Chunk it, and run it outside your migration tool.
BATCH = 5_000
while True:
# Each batch is its own transaction — locks are held briefly and released
updated = db.execute("""
WITH batch AS (
SELECT id FROM users
WHERE email_address IS NULL AND email IS NOT NULL
ORDER BY id
LIMIT %s
FOR UPDATE SKIP LOCKED
)
UPDATE users u
SET email_address = u.email
FROM batch b
WHERE u.id = b.id
""", (BATCH,)).rowcount
if updated == 0:
break
# Let replicas catch up and autovacuum keep pace
wait_for_replica_lag(max_seconds=5)
time.sleep(0.1)
SKIP LOCKED is what makes this safe to run alongside live traffic: rows currently locked by a real user’s transaction are skipped rather than waited on, and a later pass picks them up. The replica-lag check matters just as much — a backfill that outruns replication turns into stale reads for every user served from a follower, and the ripple effects there overlap with our logical replication patterns guide.
Indexes: CONCURRENTLY, and Its Catch
A plain CREATE INDEX blocks writes for its whole duration. CONCURRENTLY does not — but it has sharp edges people discover the hard way.
-- Cannot run inside a transaction block; many migration tools wrap
-- statements in BEGIN/COMMIT by default. Check yours.
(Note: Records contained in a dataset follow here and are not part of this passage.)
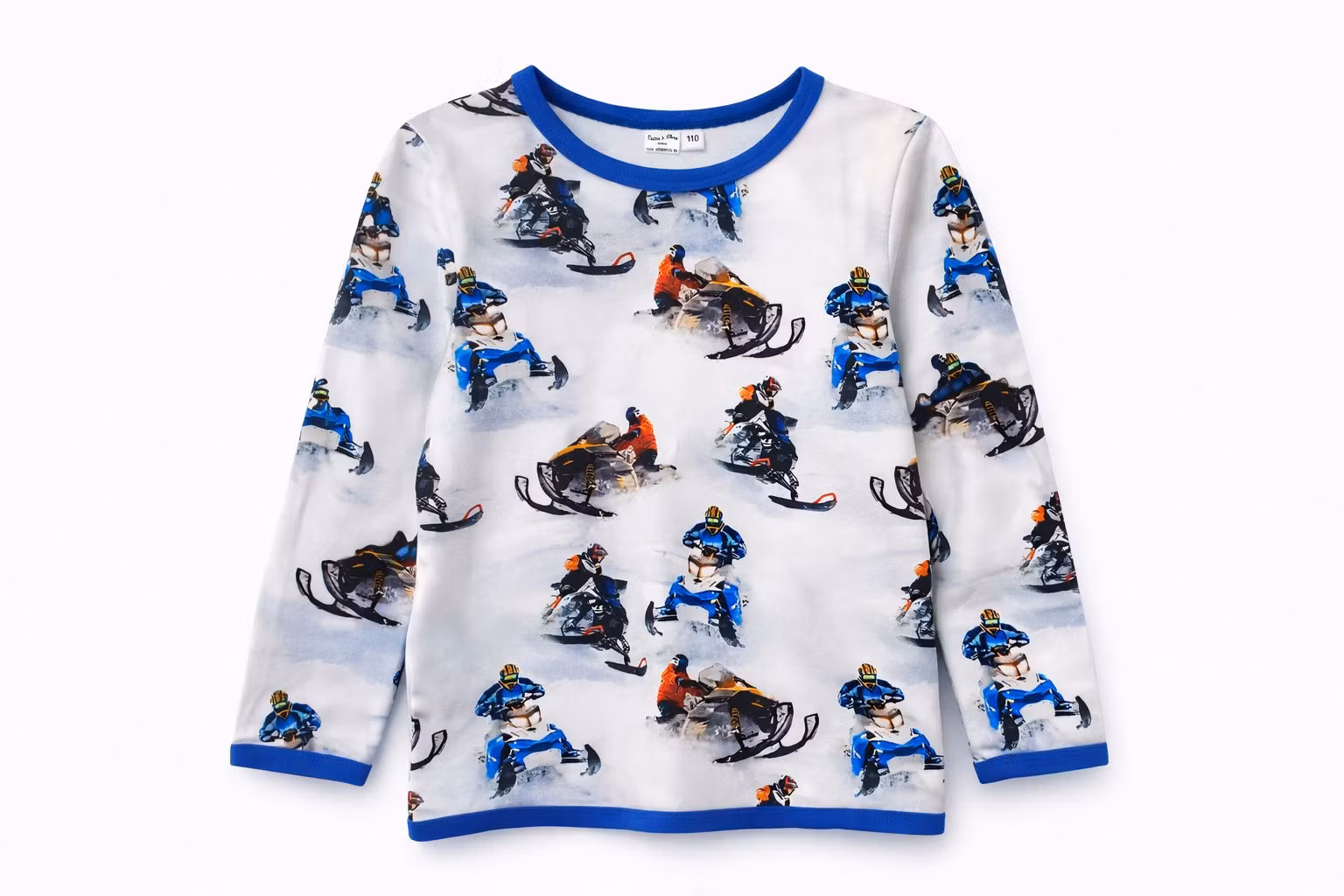 Barntröja med snöskotermotiv, sydd i en mjuk och bekväm ekologisk OEKO-TEX / GOTS-certifierad jersey/trikå. Perfekt för lek, vardag och alla små som gillar fartfyllda vinteräventyr.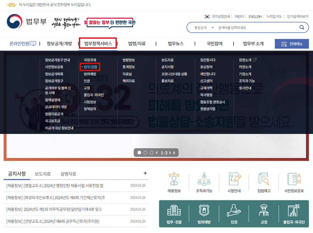법무부 ( https://www.moj.go.kr/moj/314/subview.do ) > 법무정책서비스 > 법무/검찰 > 주택임대차법령정보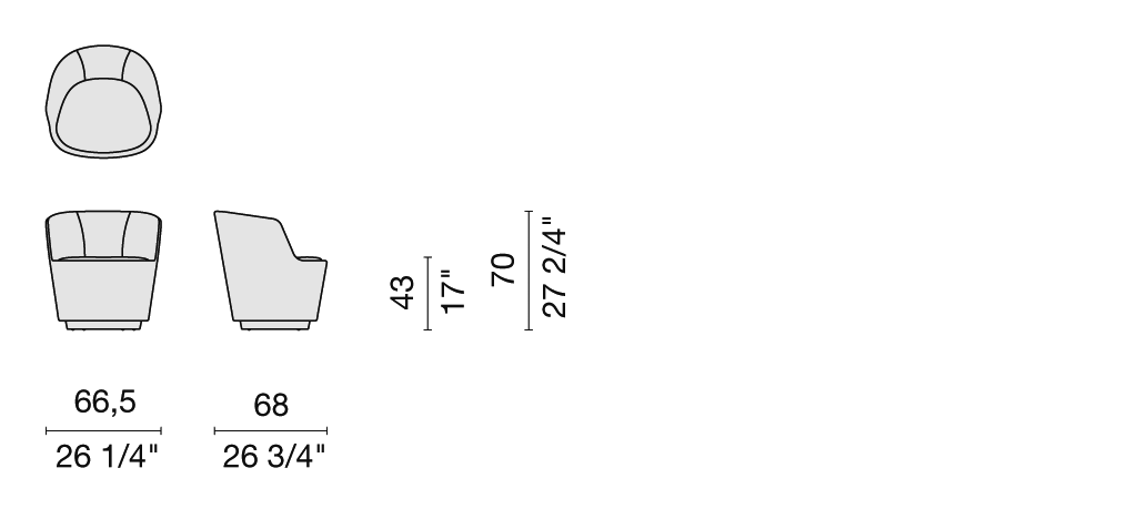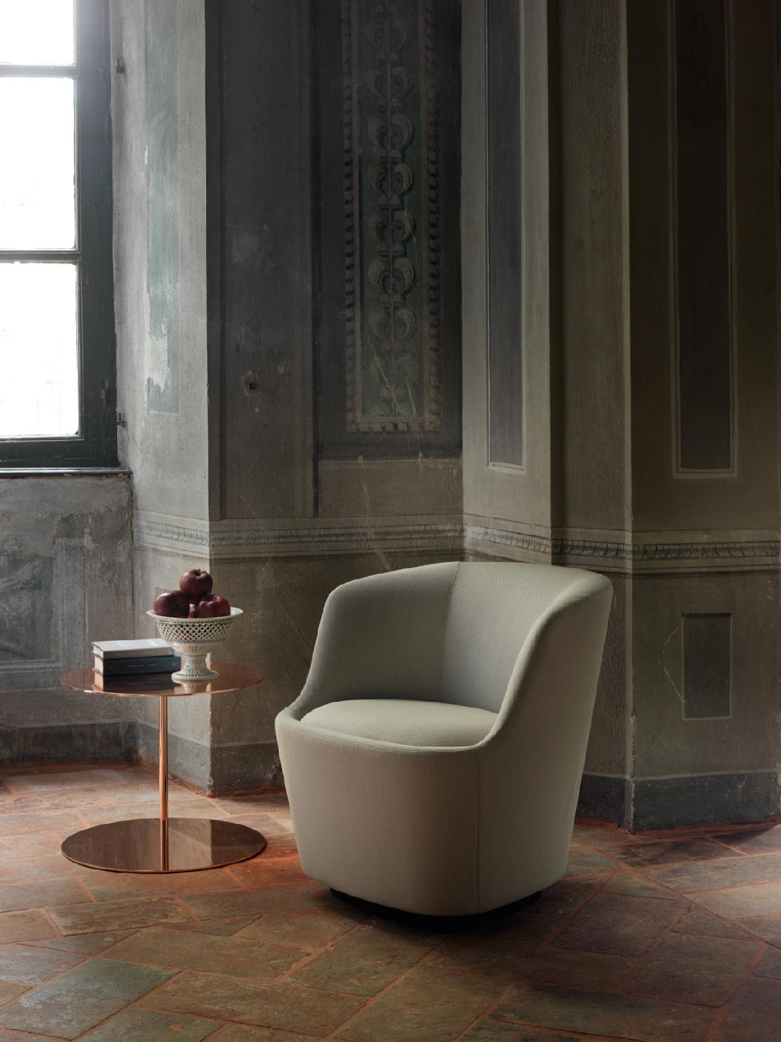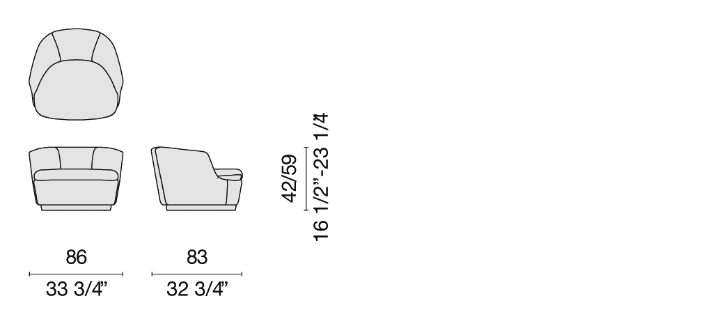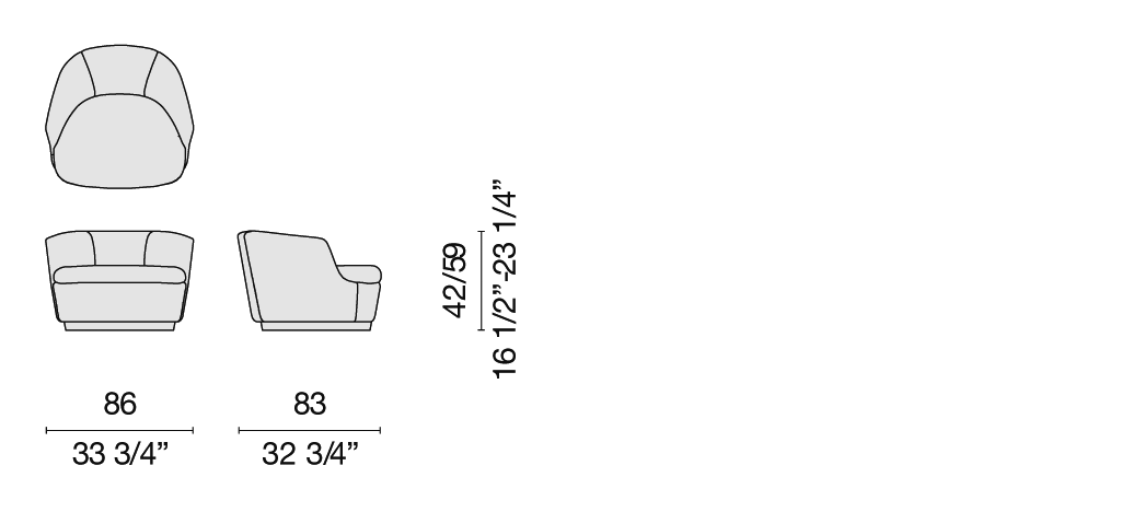 For the armchair and sofas, the cover of the structure is fixed, but removable for the cushions, and is available in the fabrics and leathers of the collection; for the small sofa and small armchair, the cover is fixed for both the structure and the cushions – all of which are also available in the fabrics and leathers in the collection.

CREATE INDEX CONCURRENTLY idx_users_email_address ON users (email_address);
-- If it fails it leaves an INVALID index behind. Always check:
SELECT indexrelid::regclass AS index_name
FROM pg_index WHERE NOT indisvalid;
-- Clean up before retrying
DROP INDEX CONCURRENTLY IF EXISTS idx_users_email_address;
Two things to internalise. First, CONCURRENTLY cannot run inside a transaction, and most migration frameworks wrap everything in one — you must explicitly opt out, or it will fail. Second, a failed concurrent build leaves an invalid index that still costs write overhead while serving no reads. Nobody notices until a query plan quietly stops using it. Check pg_index after every concurrent build; the diagnostics in our database observability guide should include this.
Where This Is Overkill
Expand-contract is real work, and not every change earns it. A table with a thousand rows rewrites faster than the lock request takes to acquire, so just run the ALTER. An internal admin tool with four users and a maintenance window does not need three deploys to rename a column. The overhead is justified by table size and traffic, not by principle.
Be aware of the cost, too. A dual-write window means two columns disagree if anything goes wrong, and a contract phase that never happens leaves dead columns and dead code accumulating for years — the most common real failure of this pattern is not an outage, it is that step three is never done because the pain is gone and nobody prioritises cleanup. Schedule the contract deploy when you plan the expand one.
Managed Postgres and connection poolers add wrinkles worth checking against the ALTER TABLE documentation for your version, since lock levels have genuinely improved release over release. And if you sit behind a pooler in transaction mode, remember that SET lock_timeout without LOCAL may not land on the connection you think it did — the same footgun described in our Postgres connection pooling guide.
Zero-downtime schema migrations come down to a handful of habits. Set lock_timeout so a migration fails instead of forming a lock queue, because that queue — not the DDL — is what causes the outage. Use expand-contract so every intermediate state works with both old and new code, and accept three deploys for a rename. Prefer NOT VALID plus VALIDATE over blocking constraint checks, build indexes CONCURRENTLY and verify they came out valid, and chunk backfills with SKIP LOCKED while watching replica lag. Then actually run the contract phase — the cleanup nobody schedules is the step that quietly rots.